For 30 years, the International Monetary Fund (IMF) and World Bank have remade much of the developing world according to a market fundamentalist ideology.
The results — measured by lost wealth, stunted social indicators, depletion of natural resources and trashing of the environment, rising inequality and concentration of income, damage to indigenous communities, or many other standards — have been catastrophic.
Can the ongoing harm be undone?
Yes.
Consider one very small example, with not-so-trivial consequences: the case of school fees in Kenya.
In the 1980s and 1990s, the IMF and particularly the World Bank told developing countries to adopt user fees for education. The institutions have enormous power to impose conditions on developing countries eager to get loans, especially heavily indebted countries that need new loans to pay off old debts and keep their economies functioning.
Why should families be charged for sending children to school? The idea was that school fees can help pay for the cost of schools, especially as the Bank and Fund demand government spending cutbacks.
In practice, and predictably, school fees proved a disaster.
Mary Njoroge has recently retired after 31 years in the Kenyan educational system. Her final post was Director of Basic Education in the Ministry of Education.
Njoroge says that, “even as the fees were introduced, poverty levels were rising in most of the country, and the parents were not able to pay the fees. That led to many, many children dropping out of school — just because of the inability of parents to pay the fee.”
In Kenya, Njoroge says, school fees were a very important revenue source. They became an inadequate substitute for lost federal revenue — and the existence of school fees became a rationale for further federal spending cuts.
“It was from the fees that the schools could buy books, buy chalk, buy exercise books and any readers that they were going to use,” Njoroge says. “Fees also paid for the running of the school, the overhead of the school. That money was very important. The schools were not going to be able to run without it.”
Not surprisingly, the poorest families were hit the worst by this policy, and girls worst of all. There were no exemptions for the poor, though exemptions have proven an utter failure in other places.

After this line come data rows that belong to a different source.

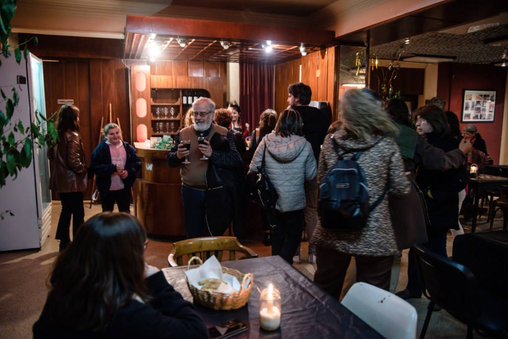 El aquelarre siguiĂł en el hall del Teatro compartiendo el servicio de bar y celebrando un nuevo encuentro artĂstico que contĂł con la producciĂłn general del Espacio Cultural Coliseo, sonido de Ezequiel González y luces de Lucas Viscovig.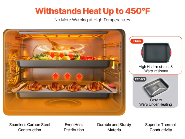 Opmerkelijke hittebestendigheid: Deze bakvormen zijn gemaakt van hoogwaardig koolstofstaal en bieden een uitzonderlijke thermische geleidbaarheid en een lange levensduur tot 232 °C (450 ℉). Ze zorgen voor een gelijkmatige warmteverdeling voor perfect gebakken lekkernijen, zonder dat u zich zorgen hoeft te maken over kromtrekken of barsten. Betrouwbaar, robuust en ontworpen om elke bakervaring moeiteloos tot een succes te maken.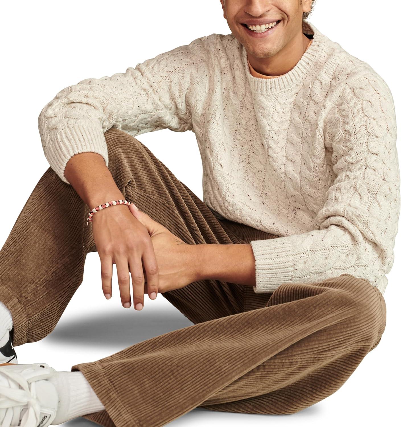 Lucky Brand Men’s Cable Crew Neck Sweater(Tofu)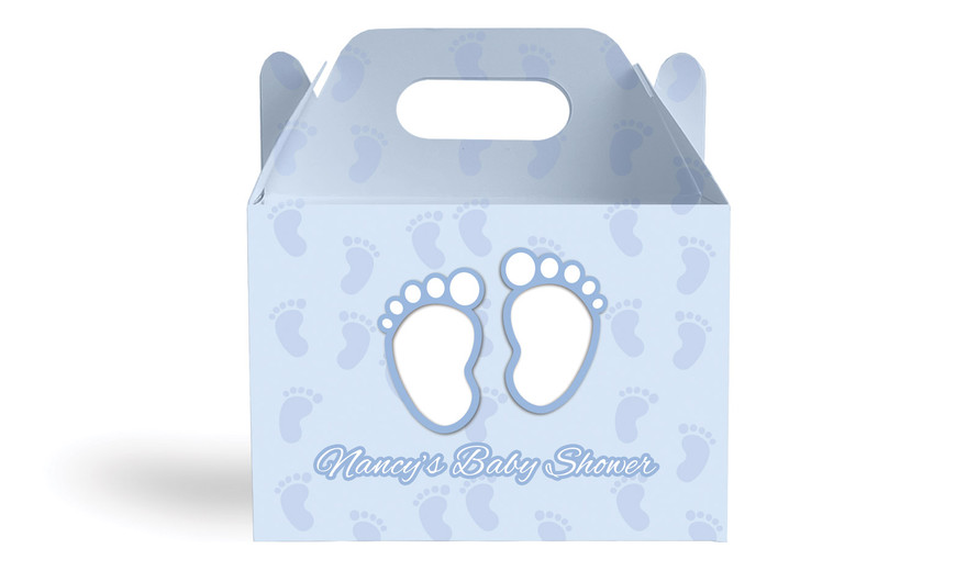 Baby Feet Blue Baby Shower Personalised Gable Favour Box

For poor families, says Njoroge, “Initially, the choice was if children have to go to school, which children would go? And boys were the ones sent to school in the very poor communities and girls were left at home. Eventually, even that became difficult and for the very poor communities both boys and girls dropped out of the school system. Only those who were able to afford the school fees were left to continue.”

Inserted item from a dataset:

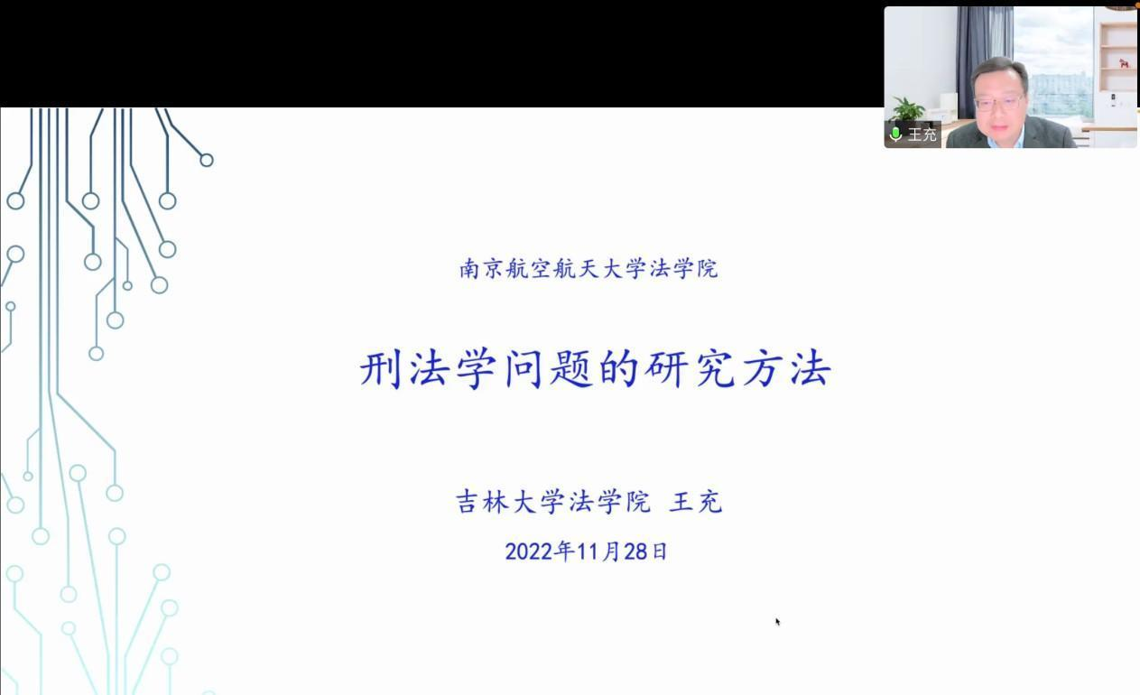 11月29日晚19:00,国产成人 举办了国产成人 70周年校庆系列学术活动之《刑法学问题的研究方法》,邀请到吉林大学法学院副院长王充教授作专题报告。国产成人 院长高志宏教授主持了此次活动,学院一百六十余名学生以腾讯会议的方式线上参加了会议。(作者:王泽环)

By the start of the 2000s, spurred by outside pressure, the World Bank came to recognize that school fees were a failure. But Kenya and other countries had come to rely on fees, and it wasn’t obvious how to do away with them.
Then, something transformative happened.
In the 2002 presidential elections, Mwai Kibaki ran on a platform that highlighted a commitment to eliminate user fees for education. This promise helped Kibaki get elected. And then he delivered on the promise. Njoroge oversaw the initiative to get rid of school fees.

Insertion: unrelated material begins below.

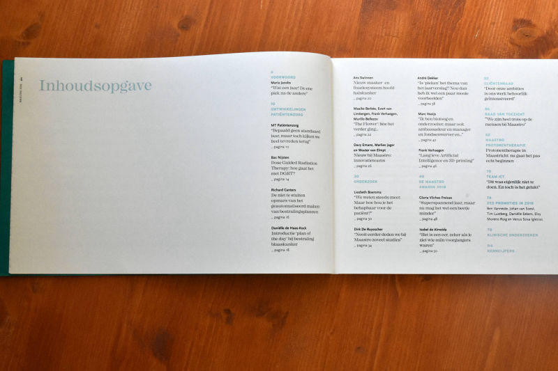 Sinds 2008 schrijf ik de jaarverslagen voor Maastro: het Limburgse instituut voor radiotherapie. Het zijn stuk voor stuk prachtige boekwerken geworden. Elk jaar met een nieuw thema dat we consequent in de tekst, in de fotografie en in de vormgeving doorvoeren. Denk aan thema’s als: Uniek, Idealen, Fier, Bouwen en - de meest recente – Pieken. Tientallen gesprekken leiden elk jaar opnieuw tot prachtige gebundelde verhalen. Over de nieuwste behandelingen van kanker, over wetenschappelijk onderzoek, over de toenemende technische ontwikkelingen, over slimme projecten en ambities. Maar vooral over de gedrevenheid en de betrokkenheid van de mensen die er werken.

“When the new government came in and announced that in the new year [2003] children could attend school without paying fees,” says Njoroge, “we witnessed an additional 1 million new children in our schools, over and above the 5.9 million who had already been in the school system.” An additional million came soon thereafter.
User fees had locked the schoolhouse doors to a quarter of Kenyan children. Abolishing fees opened the doors.
Njoroge says that improved tax collection and better systems for financial accountability paid for most of the additional costs — both the lost school fees money, and the money needed to teach so many more kids. The excitement around the initiative also attracted donor funding.
This surge of new students into classrooms created significant transitional problems, says Njoroge, but now teachers have been trained how to handle bigger classes, and how to teach multi-grade classrooms.
Eliminating school fees has been a grand success. “When the fees were lifted, says Njoroge, “we immediately saw the kids at school. It led to investment of resources by the government into the education system. It led to developing new strategies to finance the education program in a transparent and accountable manner, which also has attracted international donors.” And the Kenyan example has inspired many other countries to follow suit, including more than a dozen nations in Africa.
Everything is not perfect. Fees are still in place for secondary schools.
And the system needs to hire more teachers. Which brings the story back to the IMF and World Bank.
Teaching the additional 2 million kids in primary school requires at least 40,000 new teachers, Njoroge says. Kenya has about 60,000 trained teachers who are unemployed, but Njoroge says that Kenya cannot hire new teachers, because agreements with the IMF restrict its ability to increase budgetary outlays for teachers.
But just as user fee policy was changed even though it once seemed un-reformable, so too shall IMF policies that directly and indirectly block countries from undertaking desperately needed investments in healthcare and education soon come to an end.